È stato condannato a un anno e sei mesi di carcere l’industriale modenese 64enne accusato di persecuzione e violenza sessuale verso una sua dipendente. La condanna riguarda solo un caso di palpeggiamento che secondo il Collegio del Tribunale è stato provato, mentre è stato assolto per il reato di maltrattamenti in famiglia, il reato che ancora oggi in Italia definisce il mobbing, e prosciolto per le altre molestie sessuali perché le denunce sono state fatte troppo tardi.
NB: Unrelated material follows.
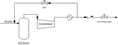 To prevent the compressor choke or stonewall it is required to enforce a certain level of flow resistance in the compressor discharge line. Anti-choke valves are usually placed to this aim on the compressor discharge downstream AS loop and associated check valve. When flow resistance in compressor outlet is low and flow approaches choking conditions, the anti-choke valves close to maintain the required minimum pressure ratio across compressor casing.

L’industriale del settore tessile abbigliamento avrà la pena sospesa solo se pagherà la provvisionale immediata alla sua vittima stabilita in 5mila euro. È probabile che ricorra in appello.

 

L’INFERNO SUL LAVORO

Il caso trattato è purtroppo ancora frequente nelle fabbriche e negli uffici. Sotto accusa era il proprietario e amministratore di una nota impresa del settore tessile di medie dimensioni fallita nel 2016 dopo un concordato. L’industriale aveva intrecciato una relazione con una sua dipendente di fiducia che grazie ai suoi riconosciuti meriti professionali aveva scalato le posizioni all’interno dell’azienda: iniziando da operaia a 16 anni, a 40 anni aveva ricoperto un ruolo di responsabile di stabilimento all’estero.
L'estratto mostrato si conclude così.